When it comes to whistleblowing, privacy is paramount -- just ask Edward Snowden. It's also why news from an American Civil Liberties Association report (PDF) about anonymous government tiplines not using HTTPS encryption is all the more alarming. In a letter to Tony Scott -- not the late filmmaker, the United States chief information officer -- the ACLU's Michael W. Macleod-Ball and Christopher Soghoian implore the government to fast-track efforts to swap the some 29 websites that are required by law to protect the anonymity of tipsters over to HTTPS. If that can't happen immediately (Scott has a two-year plan to encrypt all government websites) then the ACLU suggests allowing people to use the Tor browser for alerting the authorities about fraud or waste in the interim. Currently, the anonymity-minded browser is blocked by certain federal agency websites.

As The Washington Post reports, the "Rewards for Justice" website that offers up to $10 million in rewards for terrorism tips is wide-open and practically anyone (state-sponsored spies, internet cafe owners, et cetera) could peep in and compromise a source's invisibility. As another example, the Department of Homeland Security's hotline doesn't use HTTPS and neither does that of the Inspector General for Afghanistan Reconstruction.

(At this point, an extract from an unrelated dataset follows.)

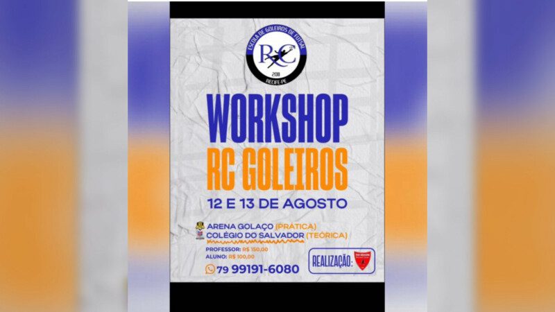 Nos dias 12 e 13 de agosto, a Escola RC de Goleiros irá promover um Workshop dedicado aos goleiros na cidade de Aracaju. O evento será realizado em dois locais distintos, com a parte teórica ocorrendo no Colégio do Salvador e a parte prática na Arena Golaço, localizada na região da Atalaia.

One of the Post's sources says that it seems more like an oversight rather than anything nefarious. He equates the lack of encryption on the tipline for the General Services Administration's website, which handles criminal investigations and grand jury info, to leaving a witness file on a receptionist's desk. The rest of the website? It's encrypted. The idea here is to make sure that anonymous informants stay anonymous, no matter what. Until that happens, it looks like anyone reporting something fishy to the government could be at risk of compromising their safety.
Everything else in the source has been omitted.